Successful intubation was considered to have been achieved when a uniform and regular PetCO2 waveform appeared on the ventilator, with PetCO2 levels at 35–45 mmHg, SpO2 above 95%, and the auscultation of both lungs confirmed that the position of the endotracheal tube was correct. In cases of gastric content reflux, timely aspiration was required. The tracheal intubation was unsuccessful when the operation time reached 60 s, or the SpO2 was <95%. The second operation would be performed after the patient was administered sufficient oxygen, and only 3 operations were allowed; 3 unsuccessful operations were considered as failure of tracheal intubation, and other methods would be used to complete the tracheal intubation. The preparation of the laryngoscope and the duration of tracheal intubation were required to be completed within 15 min. All patients received mechanical ventilation after tracheal intubation.
OBSERVATION INDICATORS:
General information such as age, sex, smoking history, body mass index (BMI), ASA grade, and Mallampati grade, as well as intraoperative sufentanil dosage and intubation time, were recorded in the 3 groups. Diastolic blood pressure (DBP), systolic blood pressure (SBP), mean arterial pressure (MAP), and HR in the 3 groups were recorded after anesthesia induction (T0), immediately after tracheal intubation (T1), and at 5 min after tracheal intubation (T2). The tracheal intubation conditions and related complications in the 3 groups were meticulously recorded. Complications primarily included dental injury, oral mucosal injury, and hoarseness, as well as sore throat and dysphagia in the pharynx. After tracheal intubation, any loosening or loss of teeth and bleeding of the gums caused by intubation were considered dental injuries. The presence of blood on the laryngoscope or visible bleeding in the oral cavity or lip mucosa caused by intubation was considered an oral mucosal injury. Hoarseness, sore throat, and difficulty swallowing were assessed during follow-up on the second postoperative day by comparing the patient’s condition before and after surgery through questioning. These indicators were documented and tallied by first-line anesthesiologists under the supervision of the chief anesthesiologist.
STATISTICAL METHODS:
SPSS21.0 software was used for data processing and analysis. The measurement data of normal distribution were expressed as mean±standard deviation (χ̄±SD). The one-way analysis of variance (ANOVA) and independent samples
Results
COMPARISON OF GENERAL DATA, SUFENTANIL DOSAGE, AND TRACHEAL INTUBATION TIME AMONG 3 GROUPS:
There were no statistically significant differences in the general data of patients such as age, sex, smoking history, BMI, ASA grade, and Mallampati grade among the 3 groups (all P>0.05); there were also no statistically significant differences in sufentanil dosage and intubation time among 3 groups (all P>0.05); the experimental data were comparable among the 3 groups (Table 1).

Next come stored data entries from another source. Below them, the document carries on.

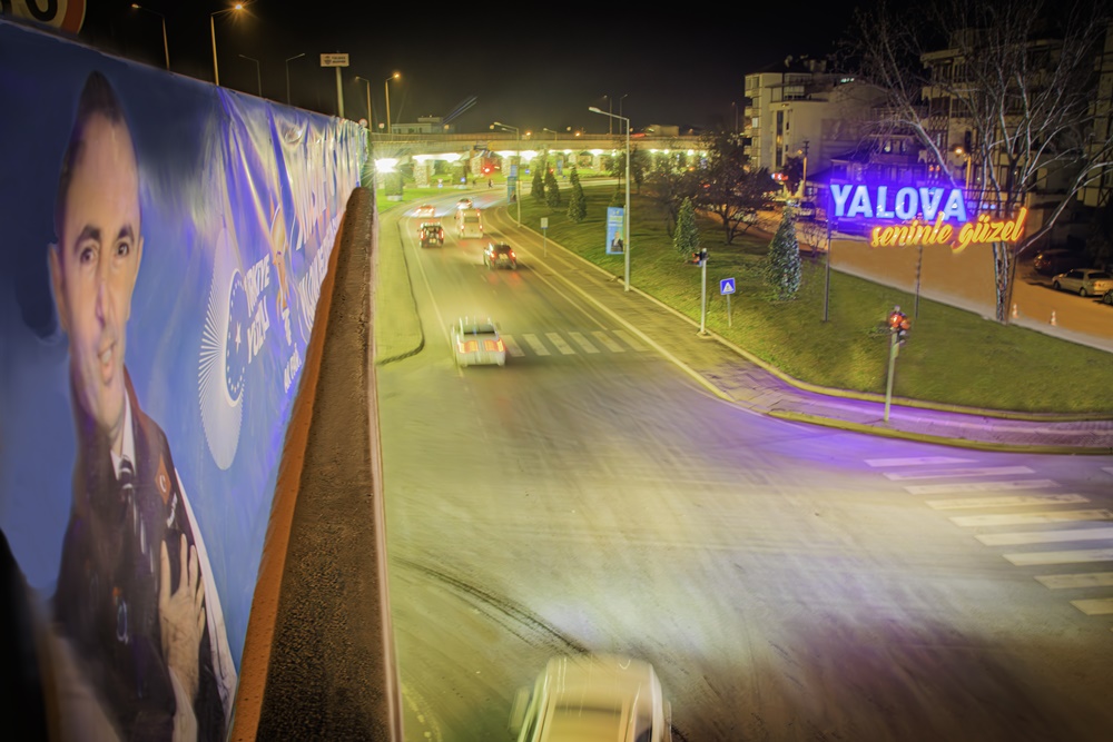 Yalova Belediyesi Fen İşleri Müdürlüğü tarafından Tanomi Meydanı’nda ışıklandırma çalışması yapıldı.
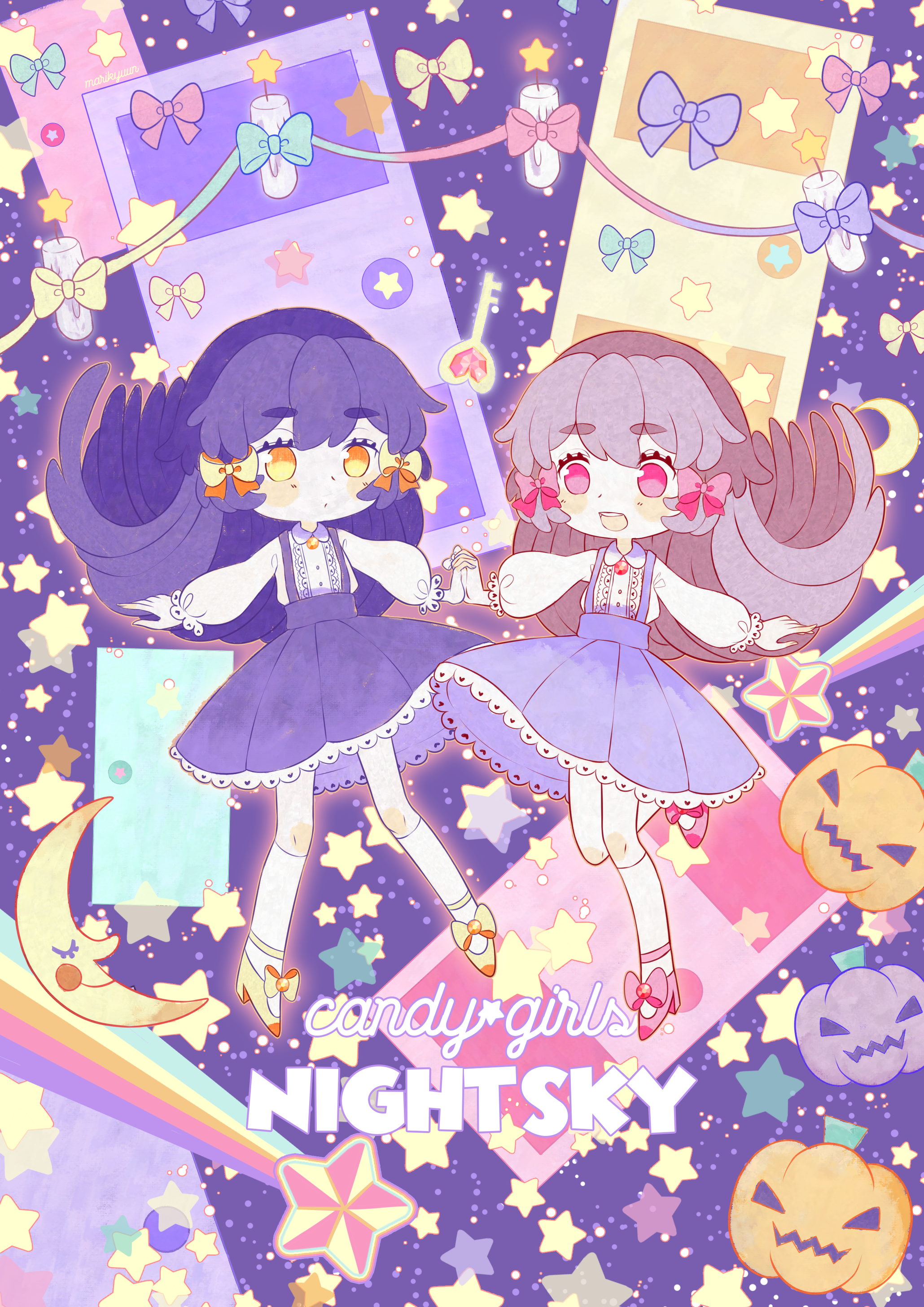 2girls :o absurdres blue_hair blue_skirt blush_stickers bow brooch brown_hair buttons candle center_frills child circle_skirt collared_shirt commentary crescent_moon door english_commentary english_text enjel expressionless eyelashes floating floating_clothes floating_hair footwear_bow frilled_sleeves frills full_body goldia_die_heilige hair_between_eyes hair_bow happy heart high-waist_skirt high_heels highres holding_hands interlocked_fingers jack-o'-lantern jewelry key kneehighs knees lace lace-trimmed_skirt lace_trim leg_up long_hair long_sleeves marikyuunn miniskirt moon multiple_girls open_mouth parted_lips pastel_colors pink_bow pink_eyes pink_shoes pleated_skirt pocket_mirror puffy_long_sleeves puffy_sleeves purple_background purple_bow shirt shoes shooting_star_(symbol) skirt smile socks star_(symbol) star_symbol_background suspender_skirt suspenders teeth thick_eyebrows upper_teeth_only very_long_hair white_shirt white_socks yellow_bow yellow_eyes yellow_shoes
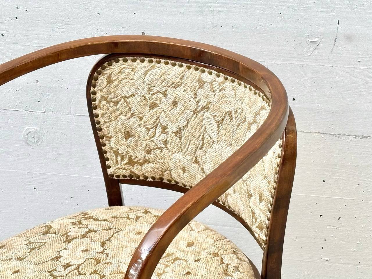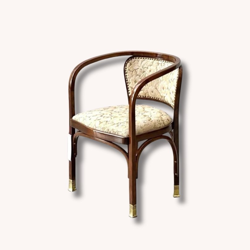 Bei diesem Möbelstück handelt es sich um einen historischen Armlehnstuhl, der dem österreichischen Architekten und Designer Gustav Siegel zugeschrieben wird.
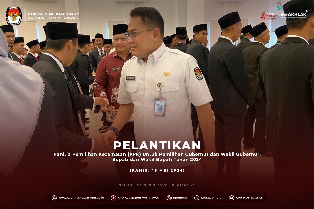 #TemanPemilih, KPU Kabupaten Musi Rawas Melaksanakan Kegiatan Pelantikan Panitia Pemilihan Kecamatan (PPK) Untuk Pemilihan Gubernur dan Wakil Gubernur, Bupati dan Wakil Bupati Pada Kabupaten Musi Rawas Tahun 2024 yang berlangsung di Hotel Dewinda (16/5/2024)..

PAIRWISE COMPARISON OF HEMODYNAMIC INDICATORS IN PATIENTS AT DIFFERENT TIME POINTS AMONG THE 3 GROUPS:
SBP, DBP, MAP, and HR initially increased and then decreased in all 3 groups. Specifically, SBP, DBP, MAP, and HR at T1 were significantly higher than those at T0 and T2, whereas these values at T2 were significantly lower than those at T0 and T1, with all differences being statistically significant (all P<0.05). Across the groups, HR at T2 in group A was significantly faster than in groups B and C, with both differences also being statistically significant (P<0.05). Comparisons of HR at T0 and T2, as well as SBP, DBP, and MAP from T0 to T2 in group A with those in groups B and C, showed no statistically significant differences (all P>0.05); the differences in these indicators at the 3 time points between groups B and C were not statistically significant (all P>0.05). See Table 2 for detailed data.
COMPARISON OF INTUBATION CONDITION IN PATIENTS AMONG THE 3 GROUPS:
There was a statistically significant difference in the distribution of the number of intubations among the 3 groups (P<0.05); the first-time success rate of tracheal intubation was the highest (95%) in group C; the failure rate of tracheal intubation was highest in group A, which was 5% (Table 3).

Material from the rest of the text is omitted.